From: Peter Xu <peterx@redhat.com>
To: "Maciej S. Szmigiero" <mail@maciej.szmigiero.name>
Cc: "Fabiano Rosas" <farosas@suse.de>,
"Alex Williamson" <alex.williamson@redhat.com>,
"Cédric Le Goater" <clg@redhat.com>,
"Eric Blake" <eblake@redhat.com>,
"Markus Armbruster" <armbru@redhat.com>,
"Daniel P. Berrangé" <berrange@redhat.com>,
"Avihai Horon" <avihaih@nvidia.com>,
"Joao Martins" <joao.m.martins@oracle.com>,
qemu-devel@nongnu.org
Subject: Re: [PATCH v2 12/17] migration/multifd: Device state transfer support - send side
Date: Fri, 20 Sep 2024 13:09:49 -0400 [thread overview]

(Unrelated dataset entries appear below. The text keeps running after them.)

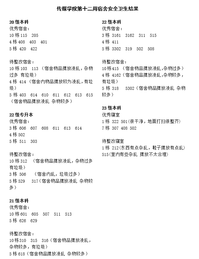 此次的卫生安全大检查,不仅加强了老师与同学们的沟通与交流,还增强了员工们的宿舍安全意识,推进了传媒公司的学风建设及宿舍安全文明建设工作,促使传媒学子以更好的状态为集团的本科评估工作尽一份力。
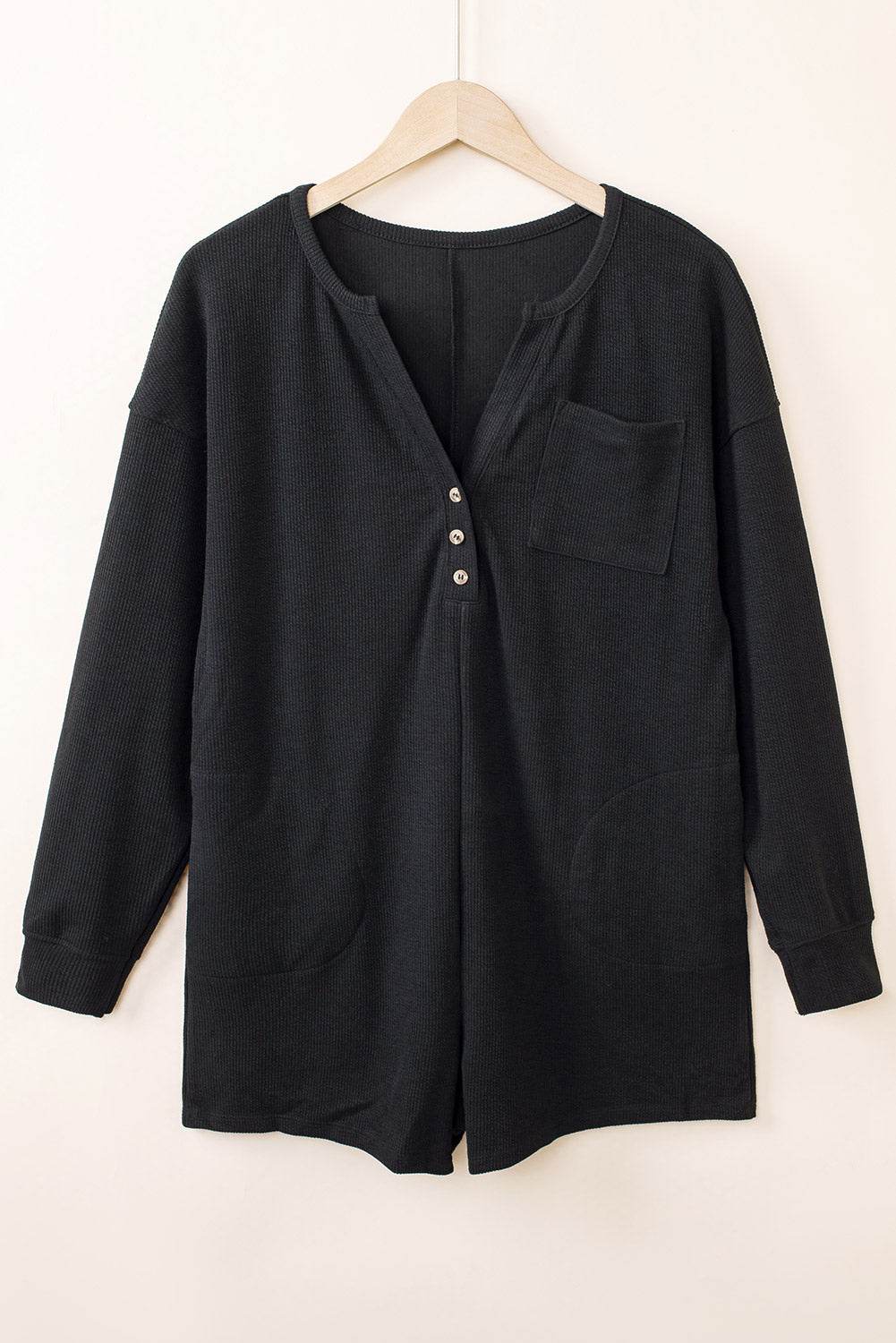 Pattern type: Solid Style: Chic Features: Pocketed, Buttoned Neckline: V-neck Length: Short Sleeve length: Long sleeves Sleeve type: Regular sleeves... Read more
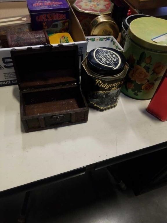 2 DOZEN COLLECTABLE TINS AND WOOD BOXES
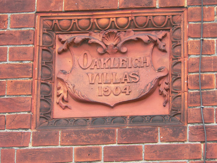 Oakleigh Villas 1904 Westley Road A magnificent moulded plaque |
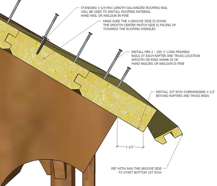 • Make sure you leave a 1-1/2" overhang beyond rafter & truss ends, the ends will be protected. Install roof decking with Minimum 10D Framing nail or 3" long screw can also be used but make sure all nails or screws are flush with the top surface of decking. Put a minimum of 2 nails per each rafter and truss starting from the bottom and working your way up. This will make the installation a lot easier.
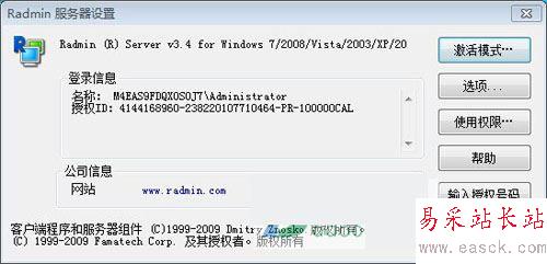 4、重新運行“Radmin服務器設置”程序,這時登陸信息欄會顯示授權ID,說明已經激活成功。如下圖所示:
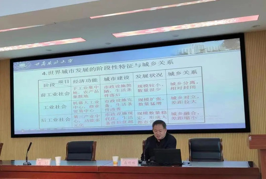 尚明瑞教授的讲座报告主要包含以下六个方面的内容:一是中国农村和城市的发展进程;二是世界各国农业发展的总体特征;三是乡村振兴战略的提出与实施;四是农业强国和农业人才强国战略;五是西北地区乡村振兴的难点;六是甘肃全面推进乡村振兴的举措。讲座内容详实、材料精准、论证充分,既有对重大理论问题的深入思考,又有诸多针对现实难题的科学分析;讲座引入宏观政策背景,同时结合甘肃实际情况,提出了许多具有针对性和操作性的对策建议。
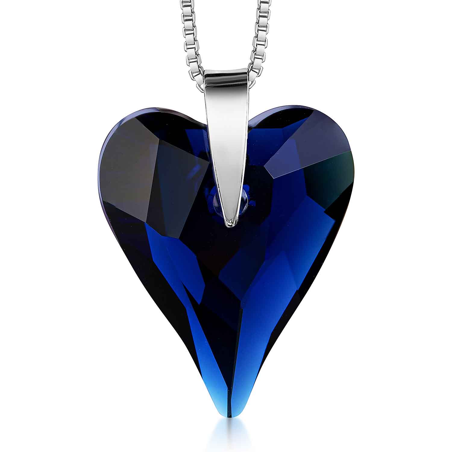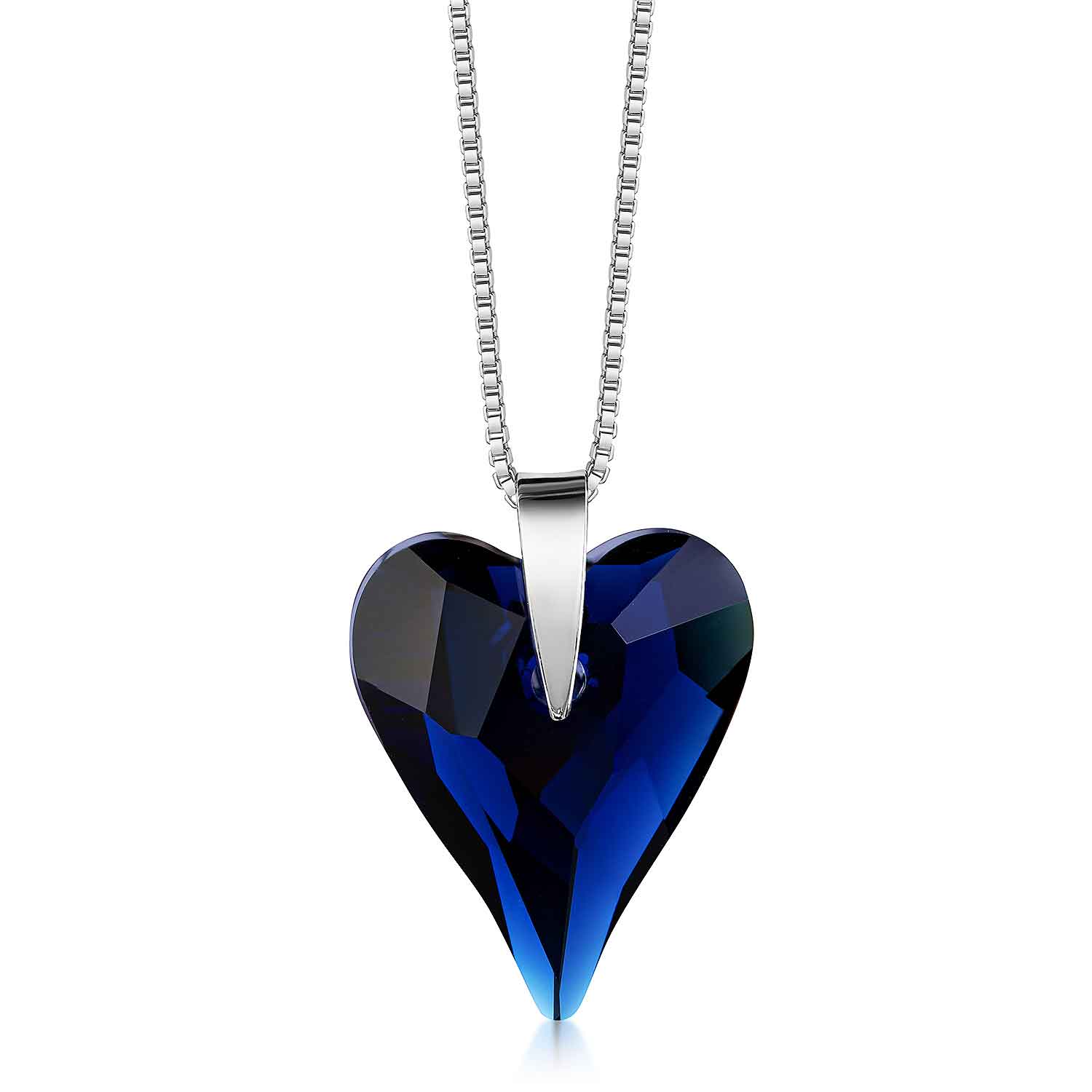Längenverstellbare Halskette mit dunkelblauem Herz Anhänger aus 925 Sterling Silber, bestückt mit 1 herzförmigen Glaskristall.
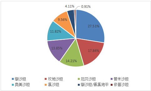 其中,纈沙坦、坎地沙坦、厄貝沙坦、氯沙坦和奧美沙坦共占據(jù)沙坦類藥物近81%的市場份額。
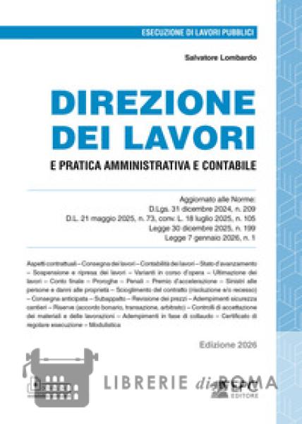 Librerie di Roma | Direzione dei lavori e pratica amministrativa e contabile. Aggiornato alle Norme: D.Lgs. 31 dicembre 2024, n. 209, D.L. 21 maggio 2025, n. 73, conv. L. 18 luglio 2025, n. 105, Legg
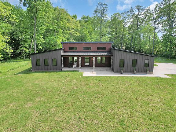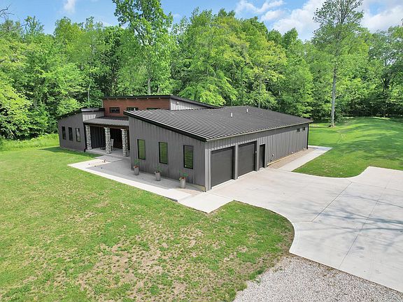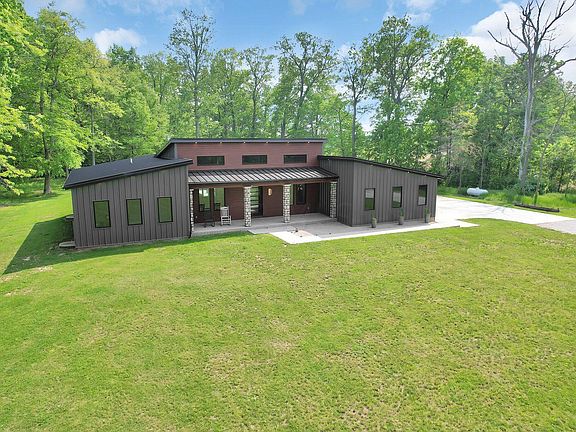 Private retreat nestled in the woods on seven acres. This one of a kind totally custom home features a large Chef's kitchen with custom cabinets, a 14 foot Quartzite island, 5 burner gas cooktop, double ovens, a wine refrigerator and a large walk-in pantry. Enjoy views of the pool and woods through the wall of glass sliders in the great room. The spacious Owner's Suite boasts a large walk-in shower, freestanding tub, walk-in custom closet and glass sliders out to the pool deck. Beautiful inground pool and covered patio/outside entertaining area. There are also 3 other bedrooms, a full bathroom, full basement with 2 egress windows, a large laundry/mud room with a built-in drop zone and dog wash station. There is plenty of room in the XL 2 car garage, large pole barn and camper barn.
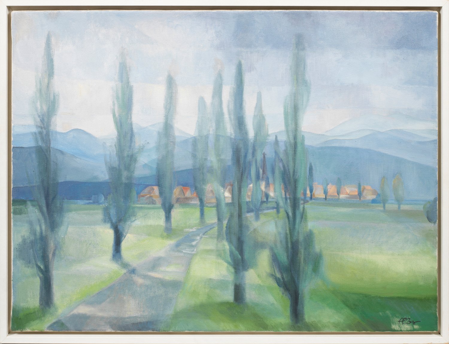 In reduzierter Formensprache, prismenartiger Lichtführung und lasierendem, geschichtetem Farbauftrag angelegte Landschaft, die charakteristisch für das Oeuvre der Künstlerin ist. Alber studierte an der Stuttgarter Akademie bei Willi Baumeister und Ernst Fuchs und arbeitete 1952 - 1971 in den USA, wo sie sich detailliert mit dem Abstrakten aber auch den Malern des amerikanischen Realismus auseinandersetzte. Den größten Einfluss auf ihr Schaffen übernahm jedoch der Kubismus und die prismatische Bildstruktur Lyonel Feiningers. Seit ihrer Rückkehr nach Deutschland ist sie als freischaffenden Künstlerin tätig, seit 2002 in Berlin. Öl/Lwd.; R. u. sign.; Verso auf Galerieetikett bez. und betitelt. 60 cm x 81 cm. Rahmen.
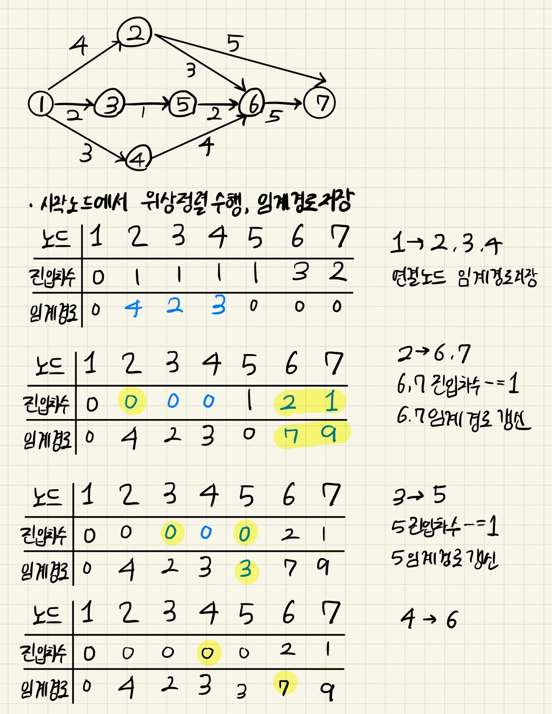 - [그림1~그림2] 시작 노드에서부터 위상 정렬을 수행해나가며, 각 도시와 관련된 임계 경로를 누적하며 저장한다. 즉, 위상 정렬된 순서대로 방문하면서 각 도시 시간 최댓값을 취하여 기록한다.
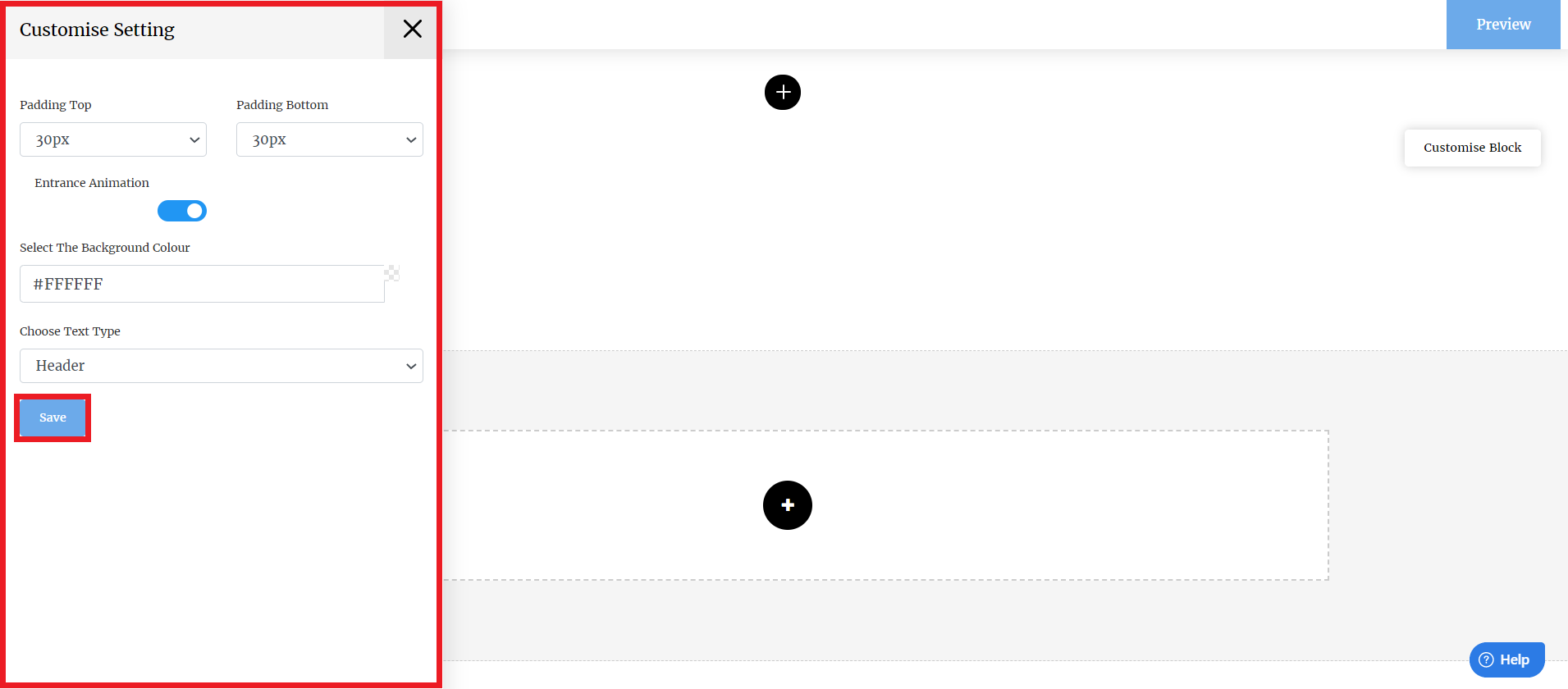 5. Finally, you can customise the settings of the component by selecting the 'Customise Block' button on the top right-hand corner of the component block.
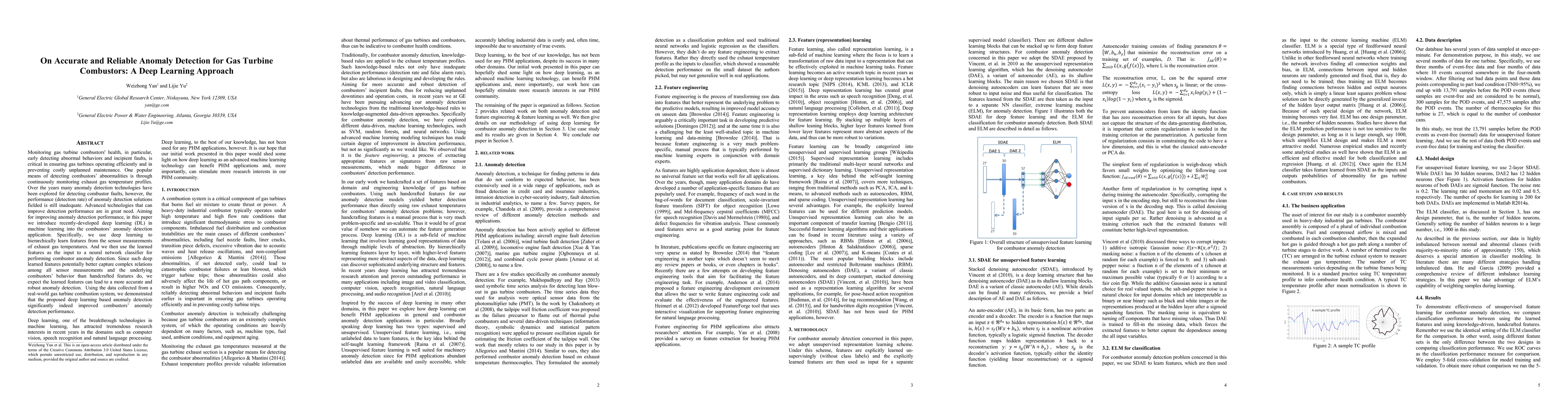 This paper proposes a deep learning approach to enhance the detection of anomalies in gas turbine combustors by leveraging hierarchical feature learning from exhaust gas temperature profiles. The deep learning method significantly improves anomaly detection performance compared to traditional methods, as demonstrated using real-world data.
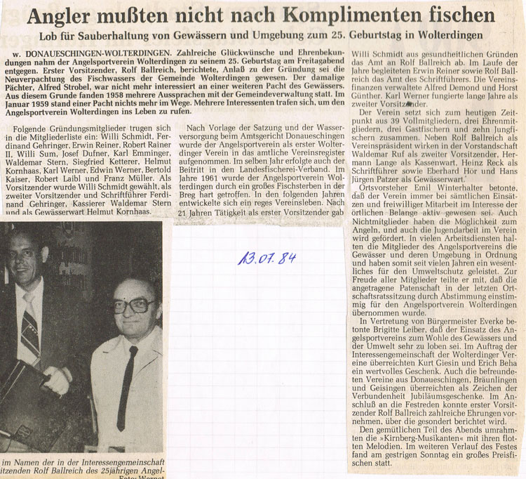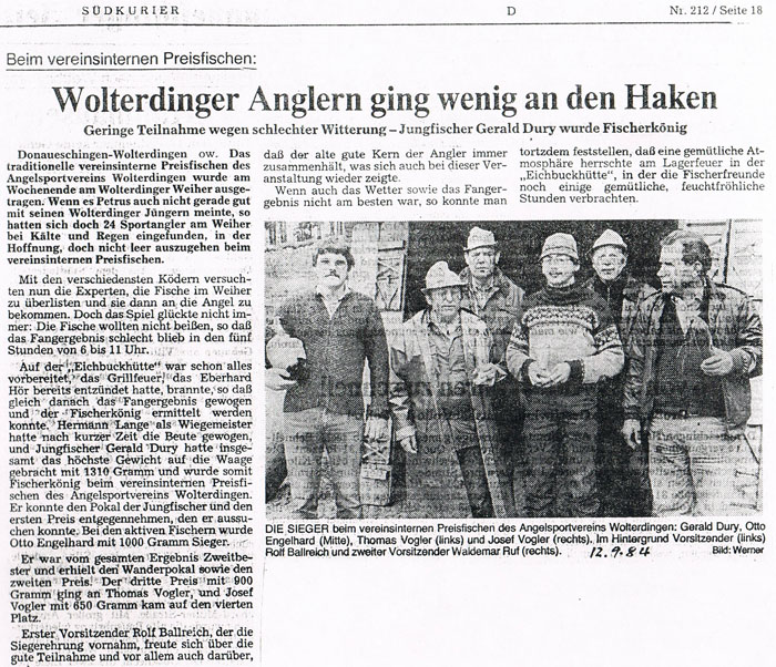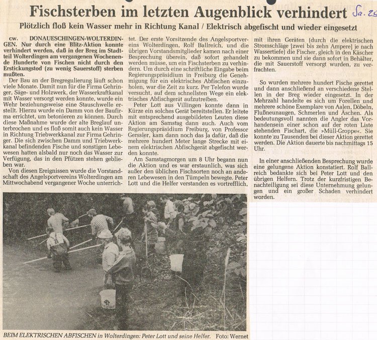 Doch auch das Jahr 1984 war nicht nur vom positiven gezeichnet, so kam es im Rahmen der Bregregulierung zu einer Unterbrechung des alten Breglaufes, was zur Folge hatte das alle Fische auf dem betreffenden Stück bedroht waren. Durch eine Blitzaktion des Vereins wurden diese elektrisch abgefischt und in fließendes Gewässer eingesetzt (siehe Zeitungsartikel unten).
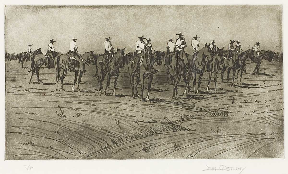 The popular work of Joel Ostlind quietly observes the wide open spaces and wildlife of his native Wyoming in spare, elegant black and white copper plate etchings.

Message-ID: <Zu2sXYUmsrxUndtd@x1n> (raw)
In-Reply-To: <dbb9ce96-100b-4a95-8ce1-f0b8b5041046@maciej.szmigiero.name>
On Fri, Sep 20, 2024 at 05:23:20PM +0200, Maciej S. Szmigiero wrote:
> On 19.09.2024 23:17, Peter Xu wrote:
> > On Thu, Sep 19, 2024 at 09:49:43PM +0200, Maciej S. Szmigiero wrote:
> > > On 10.09.2024 21:48, Peter Xu wrote:
> > > > On Wed, Aug 28, 2024 at 09:41:17PM -0300, Fabiano Rosas wrote:
> > > > > > +size_t multifd_device_state_payload_size(void)
> > > > > > +{
> > > > > > + return sizeof(MultiFDDeviceState_t);
> > > > > > +}
> > > > >
> > > > > This will not be necessary because the payload size is the same as the
> > > > > data type. We only need it for the special case where the MultiFDPages_t
> > > > > is smaller than the total ram payload size.
> > > >
> > > > Today I was thinking maybe we should really clean this up, as the current
> > > > multifd_send_data_alloc() is indeed too tricky (blame me.. who requested
> > > > that more or less). Knowing that VFIO can use dynamic buffers with ->idstr
> > > > and ->buf (I was thinking it could be buf[1M].. but I was wrong...) made
> > > > that feeling stronger.
> > > >
> > > > I think we should change it now perhaps, otherwise we'll need to introduce
> > > > other helpers to e.g. reset the device buffers, and that's not only slow
> > > > but also not good looking, IMO.
> > > >
> > > > So I went ahead with the idea in previous discussion, that I managed to
> > > > change the SendData union into struct; the memory consumption is not super
> > > > important yet, IMHO, but we should still stick with the object model where
> > > > multifd enqueue thread switch buffer with multifd, as it still sounds a
> > > > sane way to do.
> > > >
> > > > Then when that patch is ready, I further tried to make VFIO reuse multifd
> > > > buffers just like what we do with MultiFDPages_t->offset[]: in RAM code we
> > > > don't allocate it every time we enqueue.
> > > >
> > > > I hope it'll also work for VFIO. VFIO has a specialty on being able to
> > > > dump the config space so it's more complex (and I noticed Maciej's current
> > > > design requires the final chunk of VFIO config data be migrated in one
> > > > packet.. that is also part of the complexity there). So I allowed that
> > > > part to allocate a buffer but only that. IOW, I made some API (see below)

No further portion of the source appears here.